Aim of the task → Copy, please, the line with "- Purity-Tested: Gaia" and each line that follows it through the end of the data below, exactly as given and without pictures.

Data segment →
= = = =

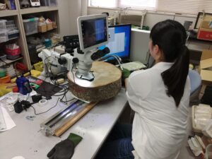 写真8-1.道総研林試の元同僚らとシラカンバの樹幹腐朽診断と伐採木から採取した円板の腐朽状況や年輪幅・数を測定したり(2023年7月~10月).
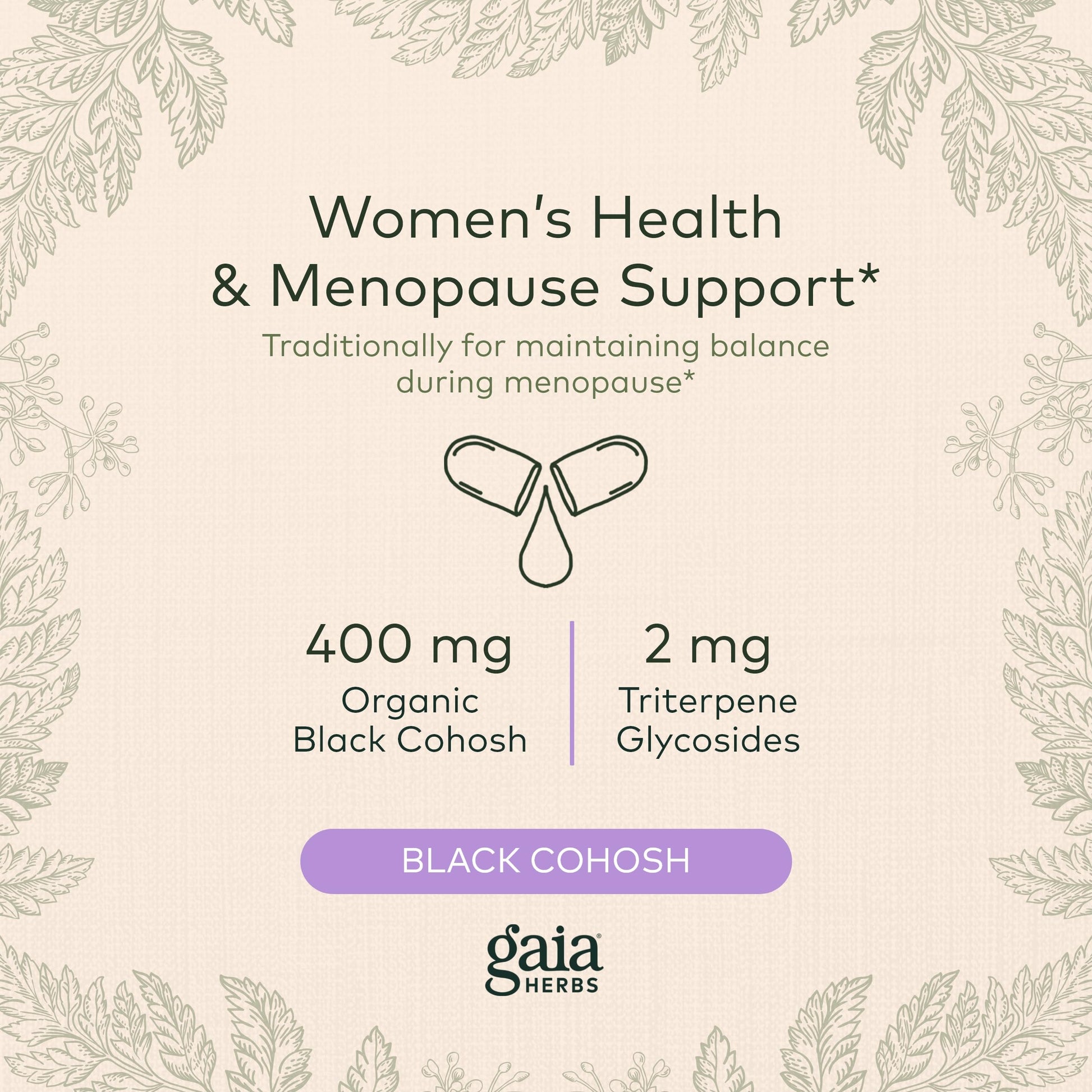 - Purity-Tested: Gaia Herbs Black Cohosh supplement is vegan, organic, and proudly made in NC, USA
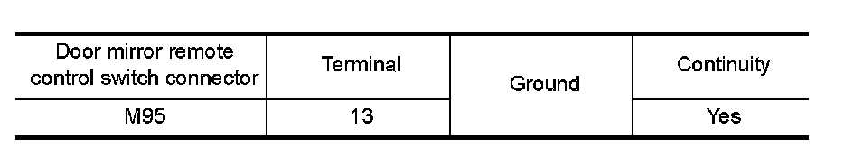 Check continuity between door mirror remote control switch connector and ground.

= = = =

Solved problem →
 - Purity-Tested: Gaia Herbs Black Cohosh supplement is vegan, organic, and proudly made in NC, USA
 Check continuity between door mirror remote control switch connector and ground.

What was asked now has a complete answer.